Archive for the ‘Microsoft CRM’ Category
Microsoft CRM 4.0
We’ve recently upgraded to CRM 4.0 and it went quite smoothly. Overall the product design and performance has improved and I’m looking forward using the completely rewritten CRM Outlook addin which did not behave very well in CRM 3.0.
The buggy Outlook addin meant that I had to use CRM in the browser. If you’ve ever done this you may have noticed some interesting behaviour.
As I bring up CRM in the browser I get this…
Then it tells me to close the window…
So in MS CRM Open=Close – this is a usability masterstroke.
If this is your first time you get really confused but if you happen to look at your task bar you’ll find the “real” CRM minimised there.
This has always made me chuckle. Its like MS CRM is playing a little game of hide and seek.
Picture this…
User: “Must work in CRM now”
CRM: “Go away”
User: “OK”
CRM: “Try and find me”
User: Gone home early (user happy to be home early). User happy = good usability
Boss: “Why is CRM not updated”
User: “CRM doesn’t work”
etc…
On investigation of this peculiarity I discovered a default system setting called “Application Mode”. Application Mode removes the browsers menu, navigation and command bars presumably in order to remove the confusion surrounding navigation which does make sense. It also frees up about 115px of screen real estate so its not all bad. However in order to achieve this CRM attempts to pop a window with no chrome using Javascript. If the script makes it through the myriad of popup blockers it still confuses the user by asking them to “close the window”. So it’s a poorly executed introduction to CRM and probably the worst possible place to have really bad usability is on entry to the application.

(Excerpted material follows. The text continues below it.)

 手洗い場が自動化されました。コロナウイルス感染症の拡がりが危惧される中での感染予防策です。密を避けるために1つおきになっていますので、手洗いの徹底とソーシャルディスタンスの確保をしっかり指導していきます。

Enough of my complaining – how do we fix this?
Get your CRM administrator to access Settings > Administration > System Settings and select the Customisation tab and uncheck “Open Microsoft Dynamics CRM in Application mode”

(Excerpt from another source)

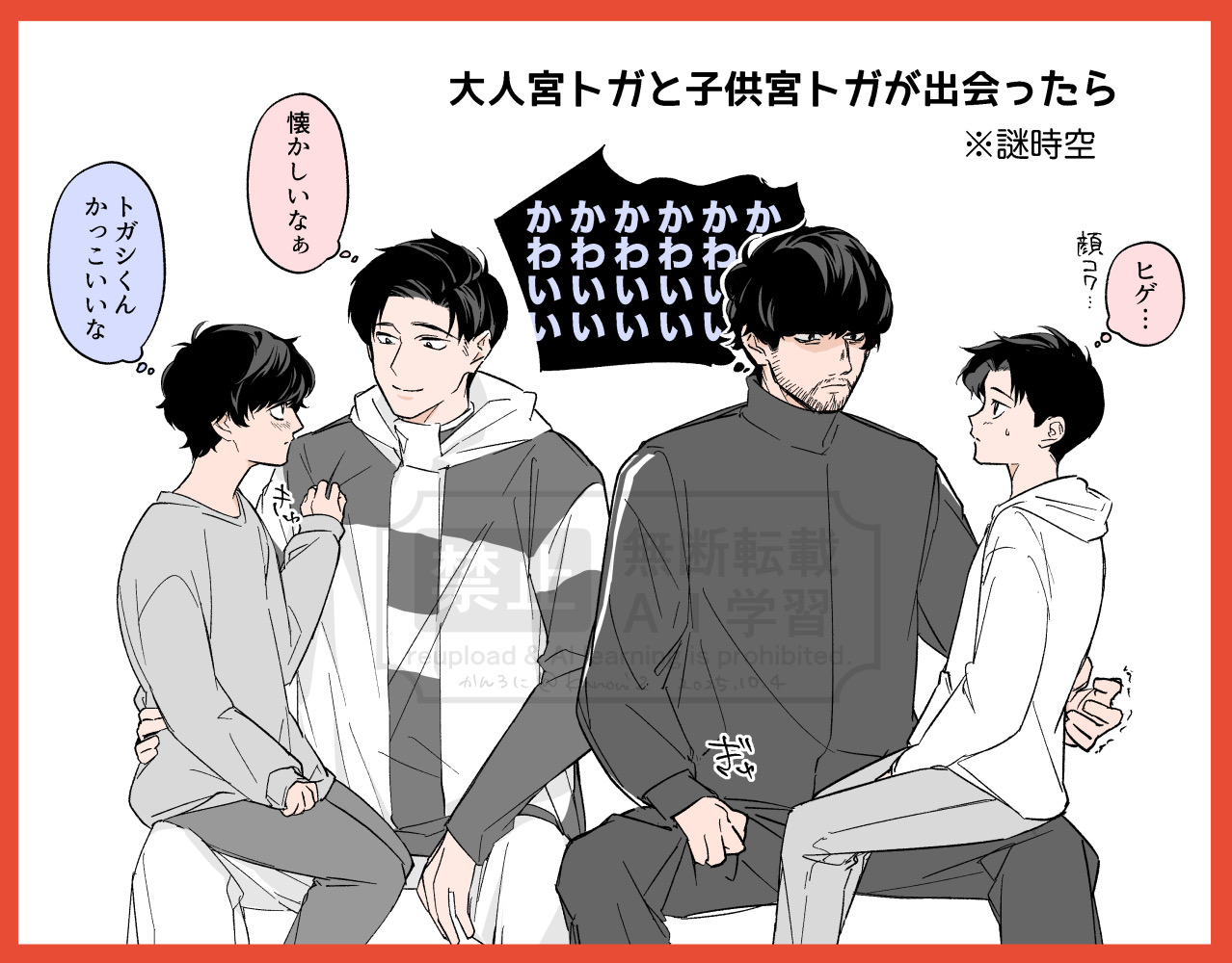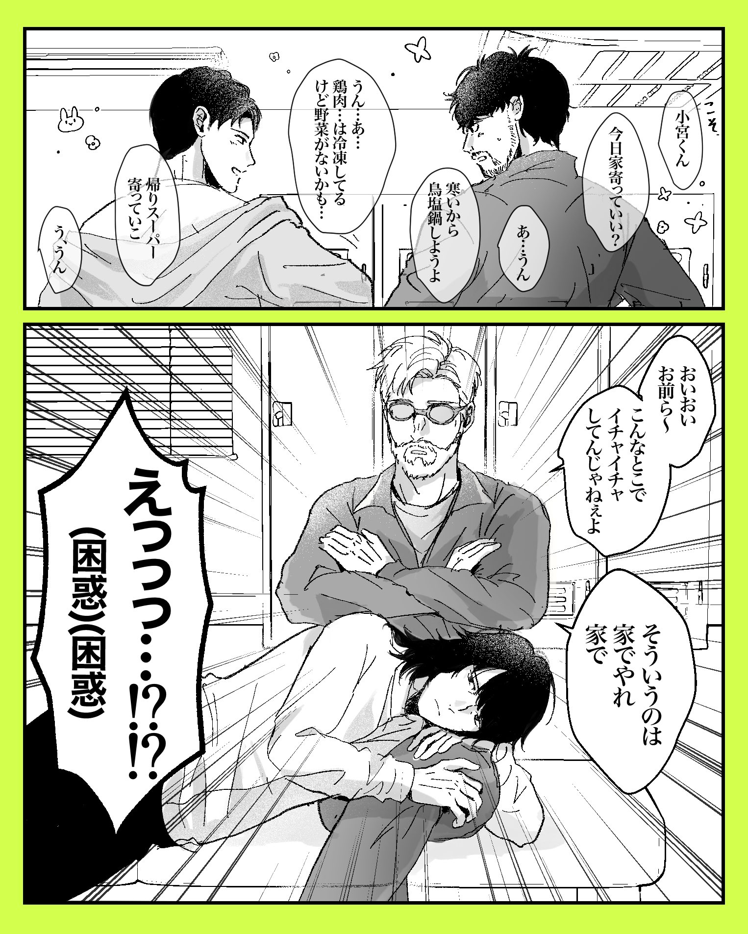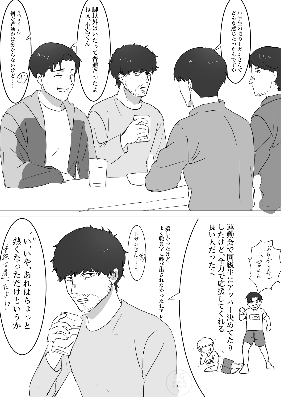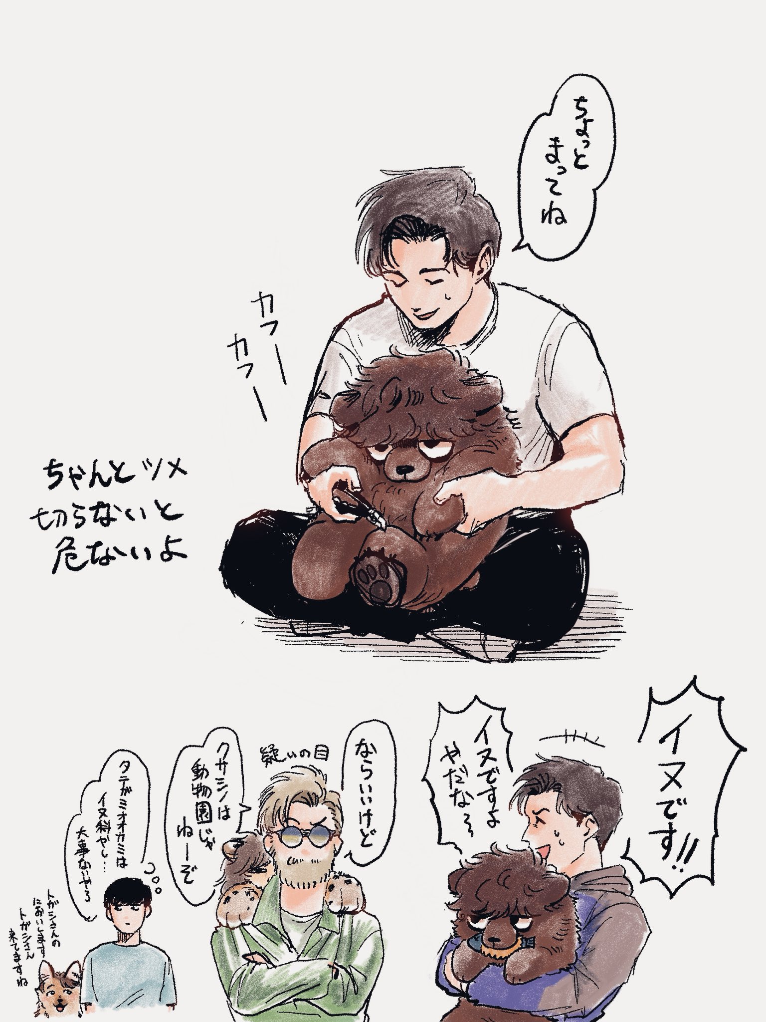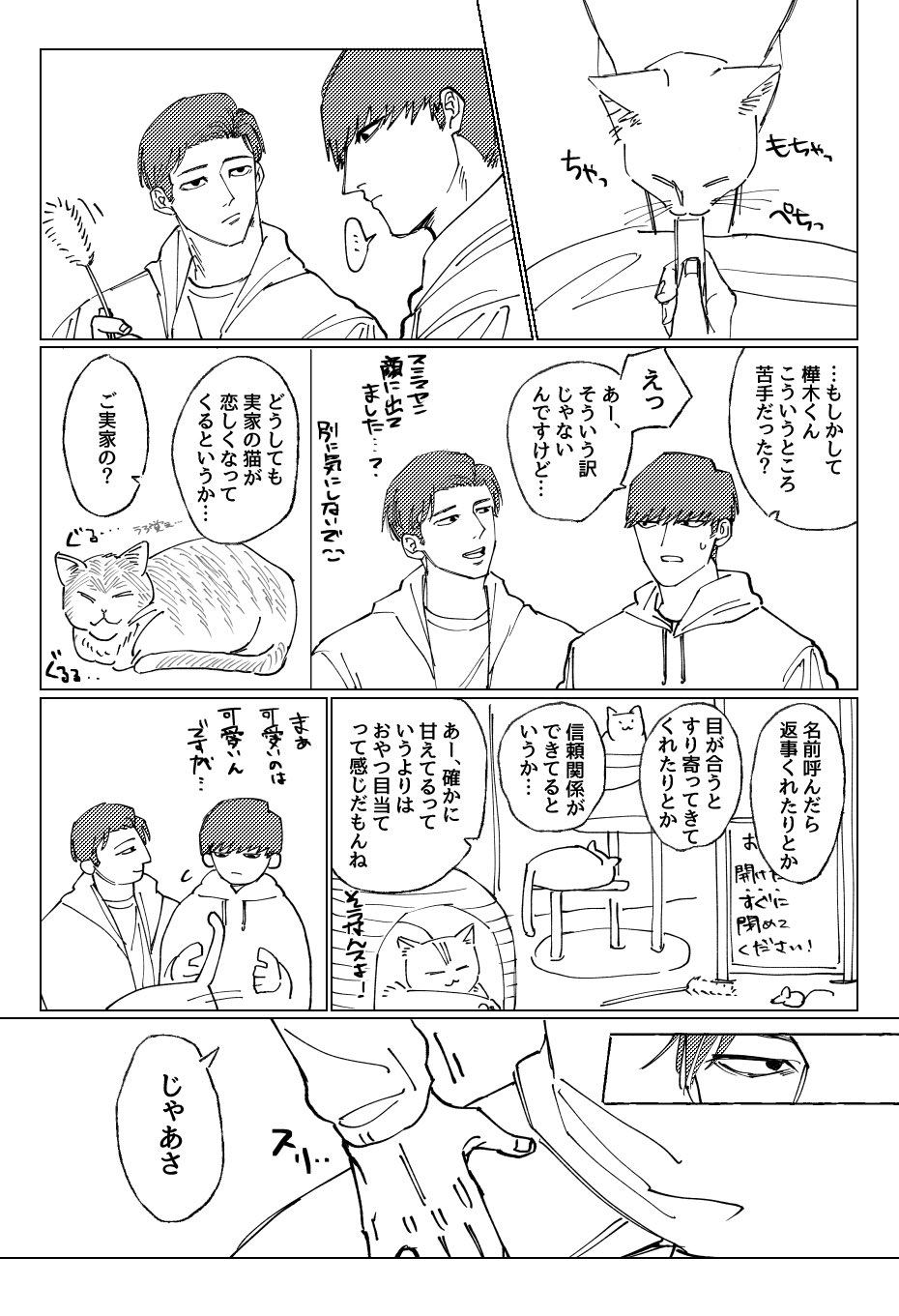 「ふーん?」トガシ揚起眉頭,「小宮くん你有好好回應人家嗎?」「うん。」「真乖。」語畢,他親暱的搓了搓小宮的頭髮。

Phew…CRM is so much better now
Microsoft CRM
We’ve been using Microsoft Dynamics CRM for about 18 months now but we’ve only really touched the surface with respect to functionality. It’s mainly been in the domain of the telemarketing and sales team but the rest of us have been using it to track email, a useful but annoying feature. Our vision has been to store all customer information from lead to sale to project and timesheet, billing and support under one umbrella system – one view. We’d been exposed to the customisation features whilst implementing it and a few months back and we started to experiment and proof of concept project management, timesheets, and help desk functionality. We found MS CRM to be a highly configurable and flexible environment to build no code functionality. Projects and timesheets don’t exist out of the box but we implemented this without much fuss and again absolutely no code. This is all made possible via the entity customisation tool, an easy to use database and form editor coupled with a workflow manager. So far this has allowed us to collapse three disparate systems into one and modify rapidly as the need arises. “I love it when a plan comes together“. Our next challenge will be exposing this functionality in MOSS :-).